Когда писатель предъявляет нам ненормативное событие, будь то физическая маловероятность, выраженно возвышенный язык (или выраженно сниженный) или вереница пространных отступлений в русском пабе, где люди поочередно застывают в полужесте на несколько страниц, чтобы каждого из них можно было подробно описать, – он за это платит: проседает наша читательская энергия. (Мы делаемся подозрительными и неподатливыми.) Однако если она не проседает необратимо и если позднее мы видим, что все это так и задумано – если то, что виделось промахом, оказывается неотъемлемой частью смысла всей истории (то есть вроде как «он к этому и стремился»), – тогда все прощено и мы даже, вероятно, воспримем выгодную эксплуатацию той мнимой чрезмерности как извод виртуозности.

Цель в том, чтобы тележка ВПЗ не пустовала и не возникала «совершенно нормальная» история. Рассказу, приближающемуся к концу при пустой тележке ВПЗ, завершиться зрелищно будет непросто. Хорошая история, сотворив последовательность избыточного, замечает это избыточное и обращает его себе на пользу.


Тут самое время задать простой вопрос: как мы определяем, что та или иная история хороша?

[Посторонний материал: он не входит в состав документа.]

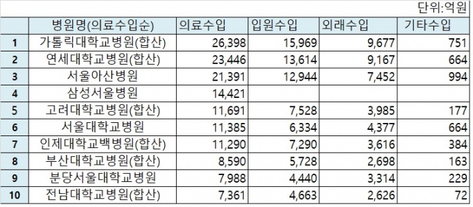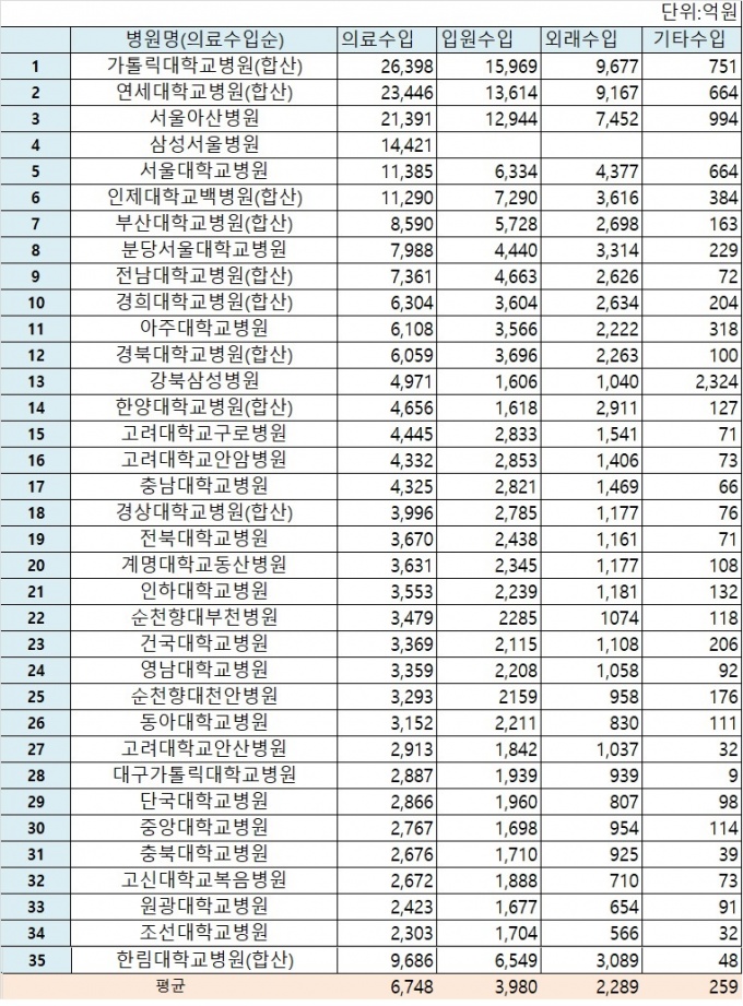 Áö³ÇØ ÀÇ·á¼öÀÔ 1À§´Â °¡Å縯´ëÇб³ ºÎ¼Óº´¿øÀ¸·Î 2Á¶6398¾ïÀ» ±â·ÏÇß´Ù. ÀÔ¿ø¼öÀÔÀº 1Á¶5969¾ï, ¿Ü·¡¼öÀÔÀº 9677¾ï¿¡ ´ÞÇÑ´Ù. ¿¬¼¼´ëÇб³ ºÎ¼Óº´¿øÀÌ 2Á¶3446¾ï, ¼¿ï¾Æ»êº´¿øÀÌ 2Á¶1391¾ï¿øÀ¸·Î µÚ¸¦ µû¶ú´Ù.
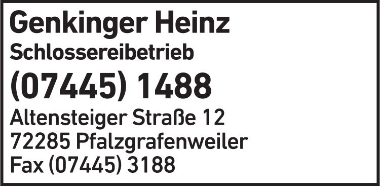 Die Adresse von Genkinger Heinz Schlosserei lautet: Altensteiger Str. 12, 72285 Pfalzgrafenweiler

Мне доводилось слышать, как писательница и комик Линда Бэрри ссылается на некое исследование в области нейрофизиологии, согласно которому, когда мы добираемся до конца рассказа, краткого лирического стихотворения или анекдота, мозг производит мгновенную ретроспективную оценку действенности. Если, рассказывая анекдот об утке, которая заходит в бар, я вставляю пятнадцатиминутное отступление про уткино детство, не имеющее, как впоследствии выяснится, никакого отношения к развязке анекдота, ваш мозг отметит этот прием как недейственный, и вы в конце будете смеяться меньше, чем могли бы.

На основании чего ум выносит такую оценку?

Он считает, по умолчанию, что в анекдоте все должно работать на развязку, усиливать ее.

Рассказ можно рассматривать как своего рода церемонию – вроде католической мессы, или коронации, или свадьбы. Мы знаем, что сердце мессы – причастие, сердце коронации – миг, когда корону опускают на голову, сердце свадьбы – обмен клятвами. Все остальные этапы (шествия, пение, речи и прочее) представляются красивыми и необходимыми постольку, поскольку они обслуживают сердце той или иной церемонии.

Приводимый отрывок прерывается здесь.